VRT Internship

1. Why VRT

As a fan of sports and media, VRT has always been a part of our living room at home, whether its watching the news or a football game. I am a huge fan of the Sporza and VRT NWS mobile and web applications and have used them on a daily basis for quite while already. Furthermore, I really looked for a large company to do my internship at, because I did not have any experience working in one and believed it would be a great learning experience. Working in a large company like VRT in the capitol of our country, two significant new experiences for me, which in hindsight, were really great.

2. My internship project

2.1 Business case

Every month, the journalists of both Sporza and VRT NWS publish thousands of articles. These articles differ from each other greatly in many ways. For example, the articles are not always about the same topic, they can be about sports, entertainment, politics, or even about the weather. The articles are also not always written by the same journalist, and the length of the articles can be greatly different. It would be useful therefore; if we had a way of knowing what kind of pageviews and lifecycle we would get from the articles; before we published them.

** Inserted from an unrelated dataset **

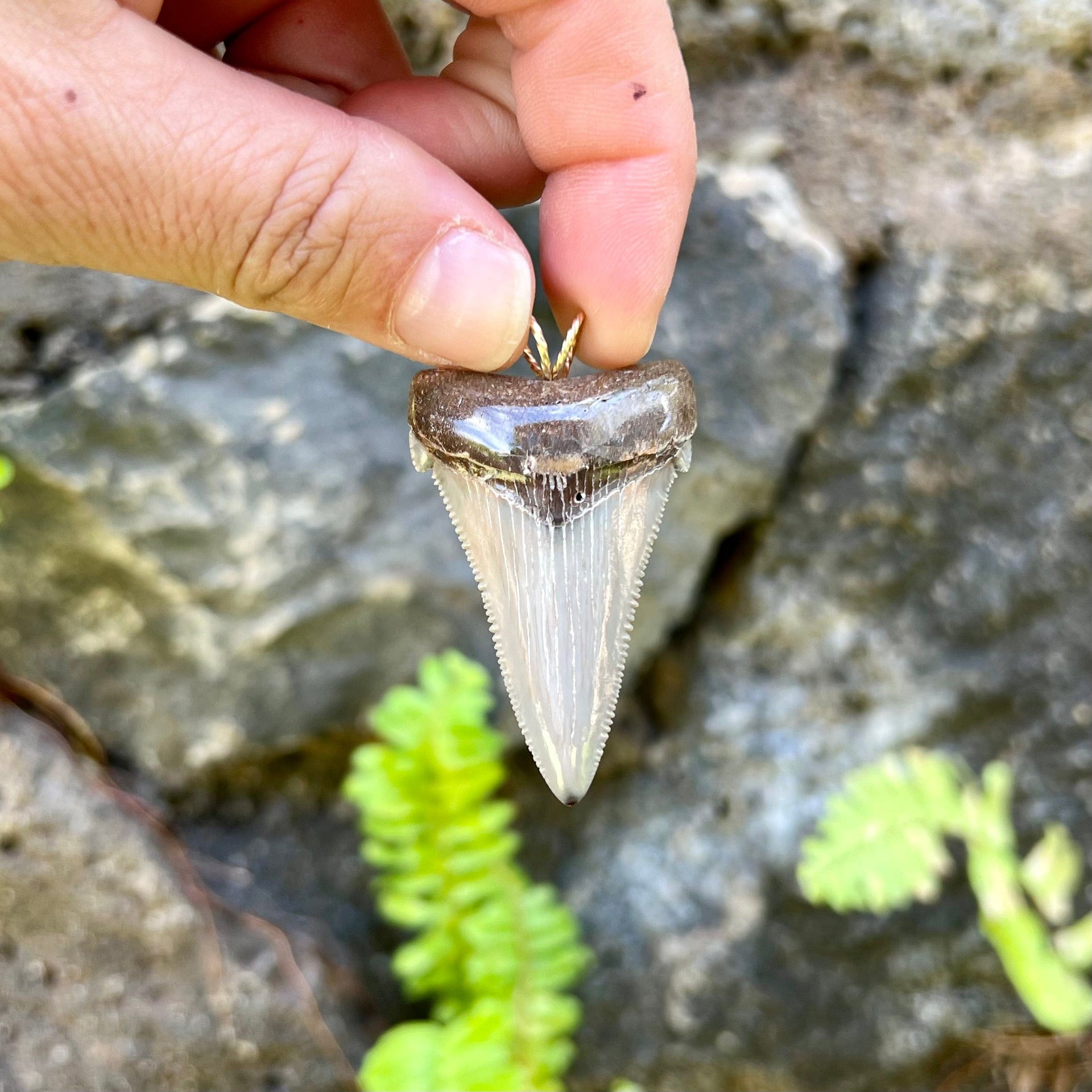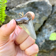 This beautiful auriculatus fossil tooth pendant features deep golden browns and earthy greys. The tooth displays a well defined bourlette and cusps, and the serrations are quite nice. The tooth measures 2” long from crown to tip. The bale is a heavy gauge gold fill hardwire and can easily be added to a stunning necklace chain. Although this pendant does not come with a chain, Whaler's Locker has a handful of options that will accent this tooth perfectly. Purchase this pendant for yourself or a friend!

The moment a journalist is publishing an article, it is useful to know how the article will perform, so that both the recommendation engine has extra input to work with as a reference, and the journalist can make the most of the article concerning updates & follow-up. They will for example invest more time in providing updates for an article with a very high expected number of views. And they could for example decide to include or not include a video in the article depending on the predictions made before publishing.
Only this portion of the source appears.